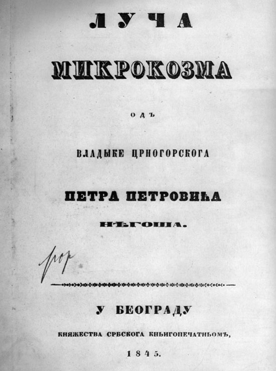 Насловна страна Његошева дела „Луча Mикрокозма“
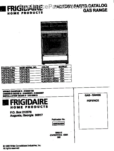Parts for Frigidaire FGF376CEBM: 01 - Cover Parts
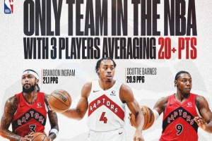 體育資訊11月6日訊 NBA Canada報(bào)道,猛龍隊(duì)是聯(lián)盟目前唯一一支有三位球員場(chǎng)均得分超過20分的球隊(duì)。

**What the task asks:** What is needed is an exact reproduction of the data, pictures excluded.

**Expected output:**
 Насловна страна Његошева дела „Луча Mикрокозма“
Parts for Frigidaire FGF376CEBM: 01 - Cover Parts
 體育資訊11月6日訊 NBA Canada報(bào)道,猛龍隊(duì)是聯(lián)盟目前唯一一支有三位球員場(chǎng)均得分超過20分的球隊(duì)。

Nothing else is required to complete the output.